* WHAT IS REQUIRED *
Excluding all pictures, please output the listing exactly.

* SOURCE MATERIAL *
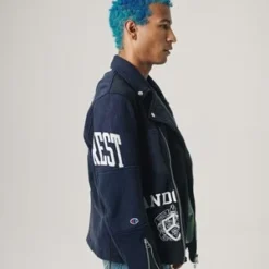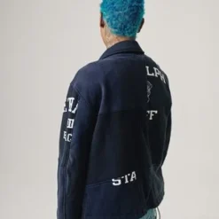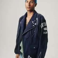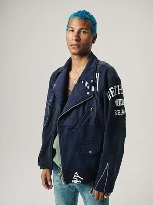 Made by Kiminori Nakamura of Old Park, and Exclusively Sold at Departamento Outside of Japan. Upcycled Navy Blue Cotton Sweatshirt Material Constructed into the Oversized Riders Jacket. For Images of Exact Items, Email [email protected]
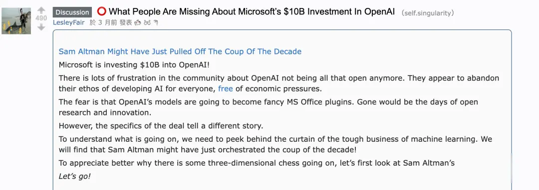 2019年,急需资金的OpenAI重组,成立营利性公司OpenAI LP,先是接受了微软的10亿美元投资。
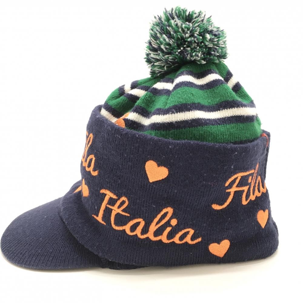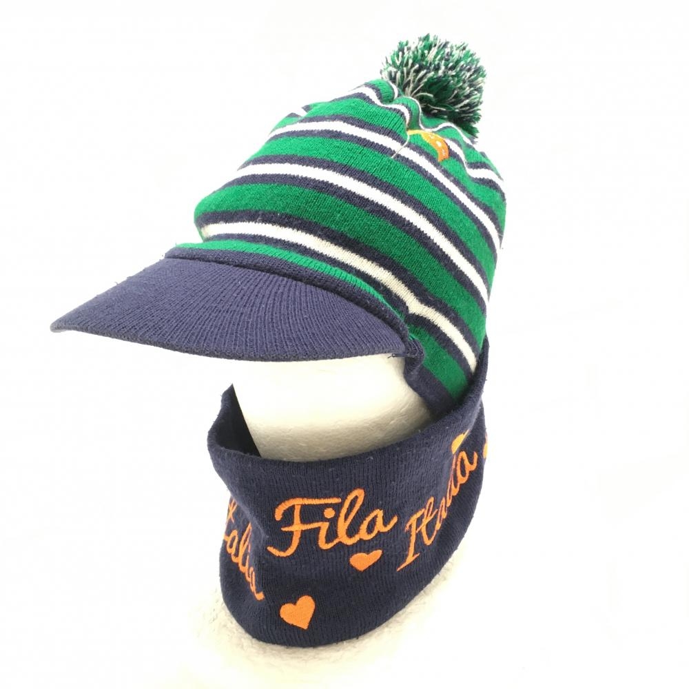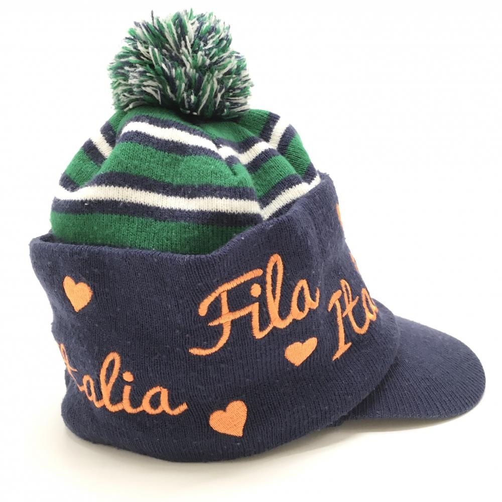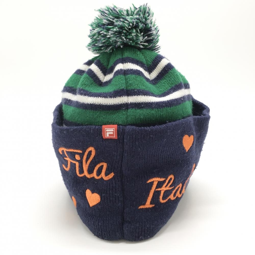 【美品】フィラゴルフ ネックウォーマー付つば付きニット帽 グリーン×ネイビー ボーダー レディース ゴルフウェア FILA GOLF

* REPLY *
 Made by Kiminori Nakamura of Old Park, and Exclusively Sold at Departamento Outside of Japan. Upcycled Navy Blue Cotton Sweatshirt Material Constructed into the Oversized Riders Jacket. For Images of Exact Items, Email [email protected]
 2019年,急需资金的OpenAI重组,成立营利性公司OpenAI LP,先是接受了微软的10亿美元投资。
 【美品】フィラゴルフ ネックウォーマー付つば付きニット帽 グリーン×ネイビー ボーダー レディース ゴルフウェア FILA GOLF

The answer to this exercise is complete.